The subjects and methods of taxation are legislative matters, and cannot be disturbed so long as the method prescribed is applicable alike to all within the prescribed class. Corporations, individuals, wholesale and retail dealers, domestic and foreign corporations, may be separately classified, and taxed differently, so long as the constituent classes are treated alike. Board, etc., v. Johnson, supra, and cases cited; Pomeroy v. Beach (1898), 149 Ind. 511; Duckwall v. Jones (1901), 146 Ind. 682; Chicago, etc., R. Co. v. Oshkosh (1900), 107 Wis. 192, 83 N. W. 294; State, ex rel., v. McFetridge (1885), 64 Wis. 130, 24 N. W. 140; Pingree v. Mich. Cent. R. Co. (1898), 118 Mich. 314, 76 N. W. 635, 53 L. R. A. 274; Commonwealth v. Interstate, etc., *573St. R. Co. (1905), 187 Mass. 436, 73 N. E. 530, 11 L. R. A. (N. S.) 973; Buffalo, etc., R. Co. v. Buffalo St. R. Co. (1888), 111 N. Y. 132, 19 N. E. 63, 2 L. R. A. 384; Minneapolis, etc., R. Co. v. Minnesota (1902), 186 U. S. 257, 22 Sup. Ct. 900, 46 L. Ed. 1151; Louisville, etc., R. Co. v. Kentucky (1902), 183 U. S. 503, 22 Sup. Ct. 95, 46 L. Ed. 298; Tullis v. Lake Erie, etc., R. Co. (1899), 175 U. S. 348, 20 Sup. Ct. 136, 44 L. Ed. 192; Dow v. Biedelman (1888), 125 U. S. 680, 8 Sup. Ct. 1028, 31 L. Ed. 841; Missouri v. Lewis (1879), 101 U. S. 22, 25 L. Ed. 989; Chicago, etc., R. Co. v. Iowa (1876), 94 U. S. 155, 24 L. Ed. 94; Hayes v. Missouri (1887), 120 U. S. 68, 7 Sup. Ct. 350, 30 L. Ed. 578; Barbier v. Connolly (1885), 113 U. S. 27, 5 Sup. Ct. 357, 28 L. Ed. 923.
11.
We see no ground of constitutional objection to the statute, but its construction is so involved with the constitutional questions urged, that we are constrained to depart from the ordinary rule of declining to pass upon constitutional questions where the case may be disposed of on other grounds, for the judgment must be reversed on other grounds.
12.
In making the assessment the taxing officers added to the nominal surplus of the bank $14,800 invested in real estate, which was clearly erroneous under any theory of the law. In such a case, where the sum invested in real estate is deducted from the capital stock or surplus, before or in making the return, the assessed value of the real estate should not be deducted in fixing the value of the stock, because if it is eliminated from one side of the account it should not be included in the other.

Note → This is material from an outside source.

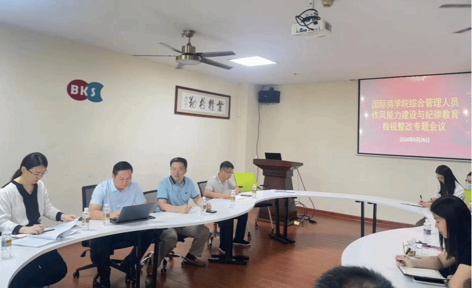 在社科楼B319召开综合管理人员纪律教育检视整改与作风能力建设专题会议。副院长付景涛、童泽林,学院党委副书记、纪委书记(兼)王静出席了此次会议,学院全体综合管理人员参加会议。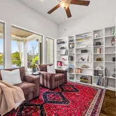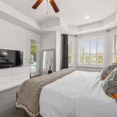 - Room Description: Spacious primary suite located on the main level, featuring access to the outdoor living area and pool, abundant natural light, and plantation shutters.

The language, ‘ ‘ deducted from the valuation of the capital or capital stock,” in the statute, means deducted for the purposes of taxation in fixing the valuation of the stock for taxation. Upon the basis adopted by the board in making the assessment, there should have been taken 80 per cent, leaving for taxation $58,240, instead of $63,010, and for this error the *574judgment must be reversed, with instructions to the court below to overrule the demurrer to the complaint, and for further proceedings not inconsistent with this opinion.